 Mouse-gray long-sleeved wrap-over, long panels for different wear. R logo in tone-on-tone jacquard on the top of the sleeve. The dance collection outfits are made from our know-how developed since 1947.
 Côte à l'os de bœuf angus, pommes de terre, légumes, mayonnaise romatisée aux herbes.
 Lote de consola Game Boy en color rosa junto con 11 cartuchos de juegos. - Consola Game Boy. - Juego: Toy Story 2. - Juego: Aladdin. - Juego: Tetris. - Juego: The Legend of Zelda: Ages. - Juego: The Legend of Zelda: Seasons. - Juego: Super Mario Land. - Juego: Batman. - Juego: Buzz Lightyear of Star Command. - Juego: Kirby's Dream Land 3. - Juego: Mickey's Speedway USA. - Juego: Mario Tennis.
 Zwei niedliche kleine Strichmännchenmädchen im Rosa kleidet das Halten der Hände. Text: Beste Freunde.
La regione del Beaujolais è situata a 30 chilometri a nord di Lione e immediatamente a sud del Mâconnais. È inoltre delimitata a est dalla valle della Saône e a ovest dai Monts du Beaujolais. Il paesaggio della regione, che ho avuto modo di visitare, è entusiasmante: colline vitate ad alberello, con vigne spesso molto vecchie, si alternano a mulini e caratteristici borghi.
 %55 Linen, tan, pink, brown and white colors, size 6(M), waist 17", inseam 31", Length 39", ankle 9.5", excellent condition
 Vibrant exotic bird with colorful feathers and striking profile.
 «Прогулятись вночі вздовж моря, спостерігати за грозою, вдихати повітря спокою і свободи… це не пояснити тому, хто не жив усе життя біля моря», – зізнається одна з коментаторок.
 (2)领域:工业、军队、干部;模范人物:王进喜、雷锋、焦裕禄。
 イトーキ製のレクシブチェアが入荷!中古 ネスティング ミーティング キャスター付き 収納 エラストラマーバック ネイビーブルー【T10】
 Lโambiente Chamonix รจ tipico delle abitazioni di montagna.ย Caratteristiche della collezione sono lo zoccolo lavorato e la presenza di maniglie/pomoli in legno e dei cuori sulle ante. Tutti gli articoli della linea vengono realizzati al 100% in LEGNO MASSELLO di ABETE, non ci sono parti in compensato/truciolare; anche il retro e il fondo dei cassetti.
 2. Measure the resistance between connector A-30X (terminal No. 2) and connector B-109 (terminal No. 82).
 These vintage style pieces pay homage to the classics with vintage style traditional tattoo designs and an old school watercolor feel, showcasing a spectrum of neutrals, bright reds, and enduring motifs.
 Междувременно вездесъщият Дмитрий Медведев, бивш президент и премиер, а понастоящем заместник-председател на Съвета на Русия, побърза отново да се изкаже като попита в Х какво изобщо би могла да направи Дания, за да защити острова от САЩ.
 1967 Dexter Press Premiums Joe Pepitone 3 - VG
....
Exercise aim ▸ Find "Côte à l'os" in the entries above and copy that whole line exactly, then each line after it through the line that contains "Zwei niedliche kleine".

Solved exercise ▸
 Côte à l'os de bœuf angus, pommes de terre, légumes, mayonnaise romatisée aux herbes.
 Lote de consola Game Boy en color rosa junto con 11 cartuchos de juegos. - Consola Game Boy. - Juego: Toy Story 2. - Juego: Aladdin. - Juego: Tetris. - Juego: The Legend of Zelda: Ages. - Juego: The Legend of Zelda: Seasons. - Juego: Super Mario Land. - Juego: Batman. - Juego: Buzz Lightyear of Star Command. - Juego: Kirby's Dream Land 3. - Juego: Mickey's Speedway USA. - Juego: Mario Tennis.
 Zwei niedliche kleine Strichmännchenmädchen im Rosa kleidet das Halten der Hände. Text: Beste Freunde.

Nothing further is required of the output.